The patient has been removed from the center of the picture, in law as in the parable.

This is not a question I am asking in the abstract. I have a patient — I will call her Mrs. Aldana, because that is not her name, and she has given me permission to write about her if I disguise her. She is a thirty-one-year-old high school mathematics teacher. She has been on a stable dose of a medication her OB-GYN prescribed two years ago, a medication her Baptist hospital’s ethics committee will, under the new HHS rule, be empowered to refuse to provide. She is a Christian herself — a churchgoing Christian, a Sunday-school-teaching Christian. Her religious liberty includes the right to keep taking the medication that allows her to keep teaching tenth-grade geometry. The new rule, as best I can read it, will protect the conscience of the hospital’s ethics committee. It will not protect the conscience of my patient.

That is what the captured operation means by religious liberty. Not the religious liberty of the woman at the center of the Gospel. The religious liberty of the institution that has been given, by the state, a license to refuse her.

Let me say what I mean plainly, and then let me say it again, because this is the part that needs to land. When the operation quotes Romans 13 to justify the state apparatus that protects institutional refusal, it is reading the Bible’s middle management. When it cites the priest and the Levite, it is reading the parable’s villains. When it cites the conscience clause, it is reading the captured form of a law that was originally designed to protect individual dissenters. The Bible it is reading is not the Bible the prophets wrote, not the Bible Jesus preached, not the Bible Paul wrote about the body being many members. The Bible it is reading is a forty-year project, well-funded, well-staffed, well-organized, and doctrinally thinner than the hymnbook in the foyer.

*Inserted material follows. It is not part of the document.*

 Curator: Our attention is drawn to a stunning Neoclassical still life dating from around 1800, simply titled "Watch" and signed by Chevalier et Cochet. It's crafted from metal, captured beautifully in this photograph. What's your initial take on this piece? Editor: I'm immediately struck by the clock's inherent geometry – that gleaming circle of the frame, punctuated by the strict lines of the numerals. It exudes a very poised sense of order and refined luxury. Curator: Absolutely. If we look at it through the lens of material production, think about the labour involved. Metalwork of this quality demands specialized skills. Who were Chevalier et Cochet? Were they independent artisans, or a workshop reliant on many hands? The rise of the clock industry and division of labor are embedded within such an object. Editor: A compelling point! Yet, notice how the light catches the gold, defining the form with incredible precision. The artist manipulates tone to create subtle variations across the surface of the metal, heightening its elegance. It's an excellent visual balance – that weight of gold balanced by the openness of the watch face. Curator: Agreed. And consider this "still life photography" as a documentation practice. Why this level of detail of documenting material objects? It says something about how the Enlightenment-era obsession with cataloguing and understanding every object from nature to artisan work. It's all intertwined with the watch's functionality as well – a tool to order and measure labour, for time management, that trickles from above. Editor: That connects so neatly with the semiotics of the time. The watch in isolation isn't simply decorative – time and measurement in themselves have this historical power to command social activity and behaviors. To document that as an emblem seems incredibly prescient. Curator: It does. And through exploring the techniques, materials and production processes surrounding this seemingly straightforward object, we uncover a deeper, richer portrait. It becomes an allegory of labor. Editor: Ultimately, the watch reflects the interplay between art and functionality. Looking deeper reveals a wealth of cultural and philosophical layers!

I love this church. I am still in it. And I am telling you, with the standing of a woman who was inside the apparatus that built this, that what the apparatus is doing with the words “religious liberty” is the inverse of what those words mean in the Gospel I was taught.

The sick person is the criterion. Not the doctor. Not the institution. Not the federal rule. The sick person.

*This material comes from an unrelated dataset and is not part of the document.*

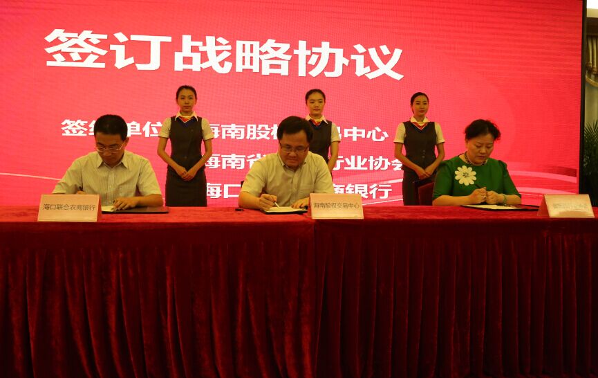 現(xiàn)場,海南股權(quán)交易中心、海南省醫(yī)藥行業(yè)協(xié)會和海口聯(lián)合農(nóng)商銀行簽署了三方戰(zhàn)略合作協(xié)議。結(jié)成戰(zhàn)略合作伙伴關(guān)系后,三方將利用各自平臺、資金等方面的優(yōu)勢,實現(xiàn)資源共享、優(yōu)勢互補。并在現(xiàn)有合作的基礎(chǔ)上,加強交流與協(xié)作,積極擴(kuò)大業(yè)務(wù)合作領(lǐng)域,共創(chuàng)發(fā)展機會。

Mrs. Aldana is the criterion. So is the gay teenager in the pediatric office. So is the pregnant woman in the emergency room. So is the patient on the gurney the EMTALA case tried to send home.

The captured operation has them removed. The Gospel has them at the center. The two are not the same, and the chasm between them is what I have been trying, in column after column, to name.

I will not let the Gospel be conscripted for what the Gospel itself rejects. I will read the actual text. And I will not keep quiet about what the text says.